[[ Records provided open ]]

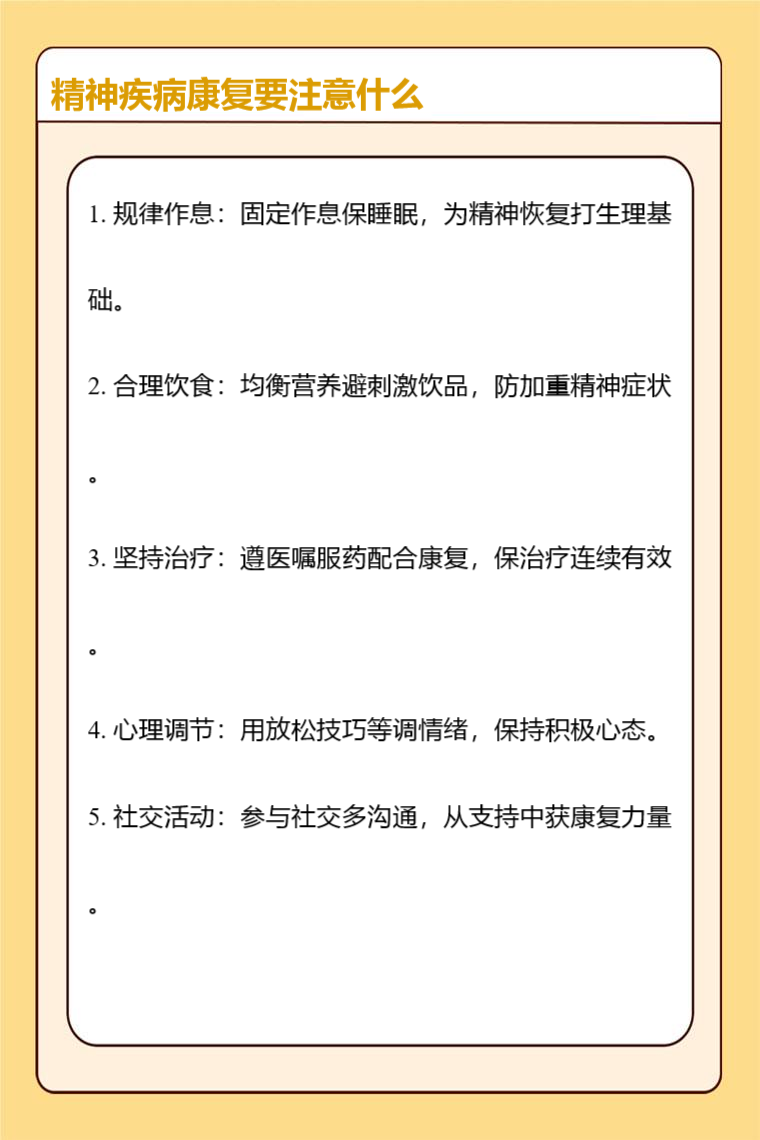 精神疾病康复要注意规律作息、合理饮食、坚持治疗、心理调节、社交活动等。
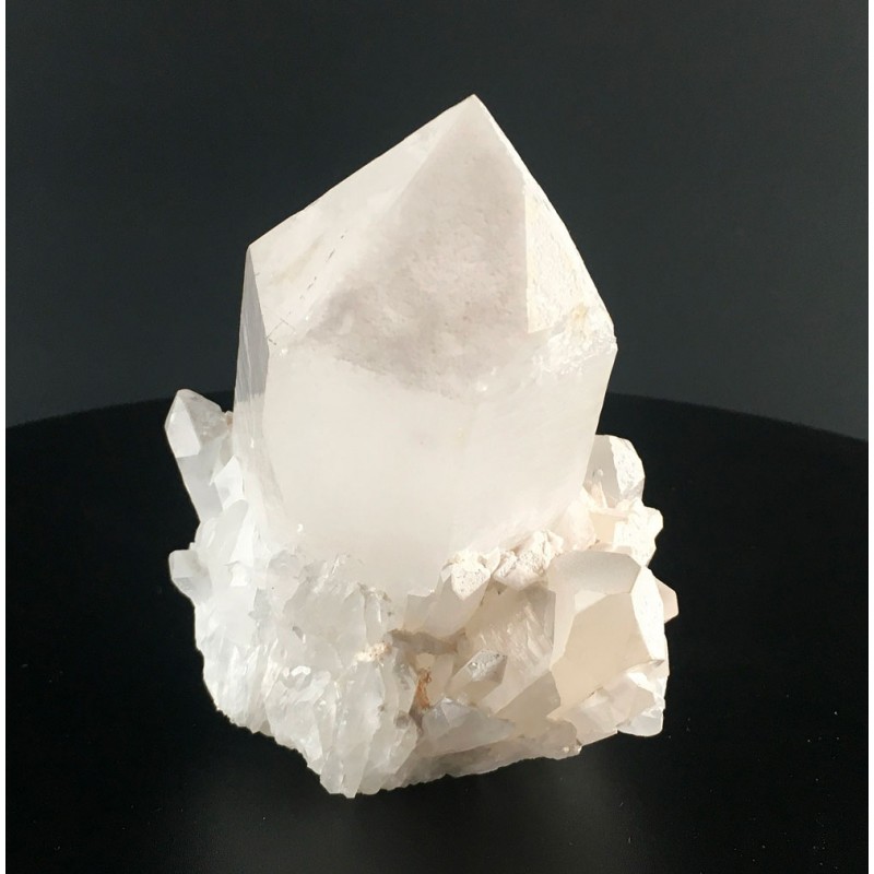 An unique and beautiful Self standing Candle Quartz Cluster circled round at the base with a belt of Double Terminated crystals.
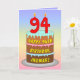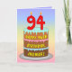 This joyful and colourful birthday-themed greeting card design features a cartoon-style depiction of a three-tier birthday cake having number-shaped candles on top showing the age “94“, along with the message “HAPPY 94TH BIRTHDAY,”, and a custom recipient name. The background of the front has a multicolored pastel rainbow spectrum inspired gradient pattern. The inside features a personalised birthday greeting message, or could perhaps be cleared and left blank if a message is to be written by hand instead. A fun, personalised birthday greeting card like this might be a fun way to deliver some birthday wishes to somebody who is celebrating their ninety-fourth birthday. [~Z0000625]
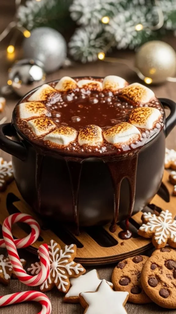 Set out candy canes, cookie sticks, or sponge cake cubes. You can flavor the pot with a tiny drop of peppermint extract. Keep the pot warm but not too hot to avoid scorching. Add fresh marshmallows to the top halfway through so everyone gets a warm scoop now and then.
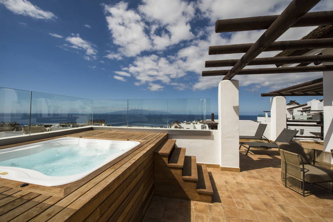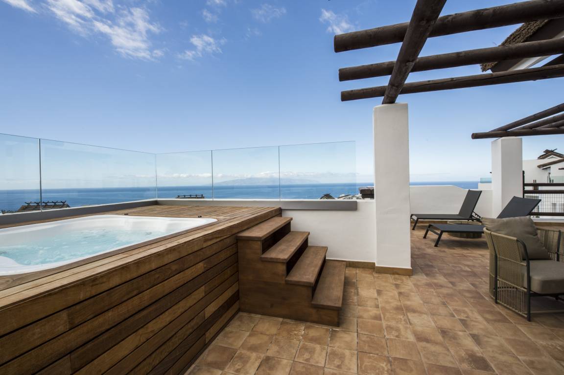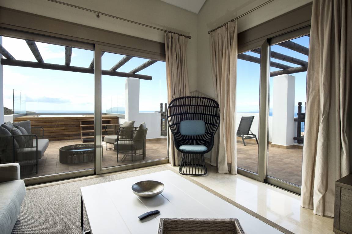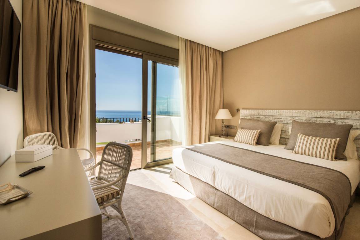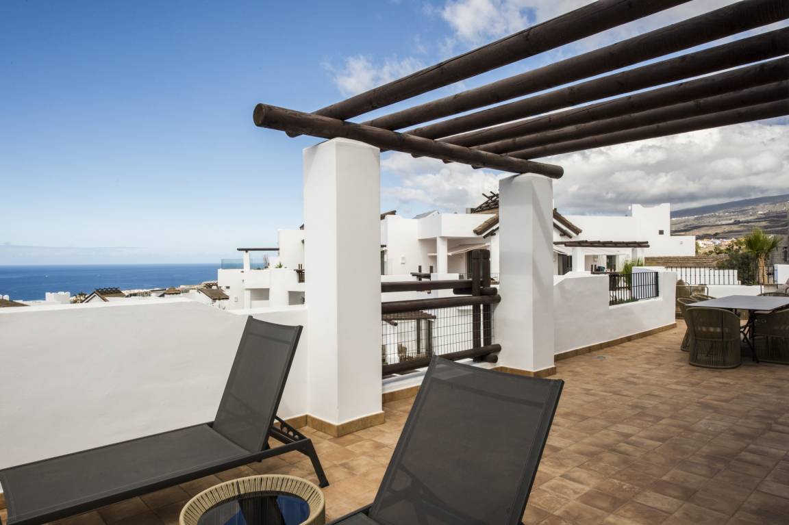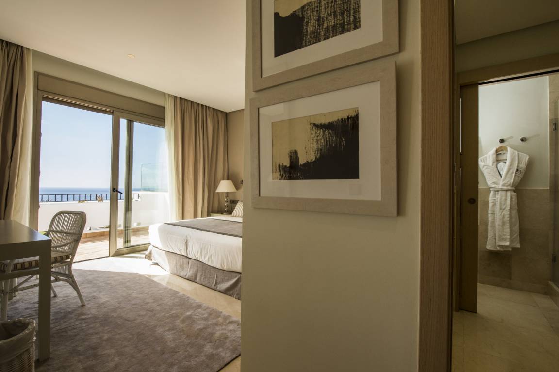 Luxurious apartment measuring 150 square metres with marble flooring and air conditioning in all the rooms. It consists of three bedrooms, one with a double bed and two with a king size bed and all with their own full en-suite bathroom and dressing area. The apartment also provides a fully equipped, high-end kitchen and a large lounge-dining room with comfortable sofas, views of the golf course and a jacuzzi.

[[ Records provided closed ]]
[[ Records provided open ]]

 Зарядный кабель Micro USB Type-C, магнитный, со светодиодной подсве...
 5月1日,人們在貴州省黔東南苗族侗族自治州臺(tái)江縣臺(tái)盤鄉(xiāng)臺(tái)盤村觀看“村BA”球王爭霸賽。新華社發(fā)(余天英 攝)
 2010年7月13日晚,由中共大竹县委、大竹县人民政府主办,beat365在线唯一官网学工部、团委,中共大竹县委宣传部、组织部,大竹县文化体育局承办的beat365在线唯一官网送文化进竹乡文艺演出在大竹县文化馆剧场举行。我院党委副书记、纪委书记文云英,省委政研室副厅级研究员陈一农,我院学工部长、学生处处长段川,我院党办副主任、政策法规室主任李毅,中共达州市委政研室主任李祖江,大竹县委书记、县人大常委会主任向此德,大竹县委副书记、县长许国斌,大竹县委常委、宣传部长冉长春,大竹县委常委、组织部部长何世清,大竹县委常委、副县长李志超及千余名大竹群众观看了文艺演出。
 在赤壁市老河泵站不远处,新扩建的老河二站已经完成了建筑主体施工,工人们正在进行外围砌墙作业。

[[ Records provided closed ]]

In the data above, take the line with "This joyful and", the line with "Set out candy", and every line between, and set them down exactly without pictures.

 This joyful and colourful birthday-themed greeting card design features a cartoon-style depiction of a three-tier birthday cake having number-shaped candles on top showing the age “94“, along with the message “HAPPY 94TH BIRTHDAY,”, and a custom recipient name. The background of the front has a multicolored pastel rainbow spectrum inspired gradient pattern. The inside features a personalised birthday greeting message, or could perhaps be cleared and left blank if a message is to be written by hand instead. A fun, personalised birthday greeting card like this might be a fun way to deliver some birthday wishes to somebody who is celebrating their ninety-fourth birthday. [~Z0000625]
 Set out candy canes, cookie sticks, or sponge cake cubes. You can flavor the pot with a tiny drop of peppermint extract. Keep the pot warm but not too hot to avoid scorching. Add fresh marshmallows to the top halfway through so everyone gets a warm scoop now and then.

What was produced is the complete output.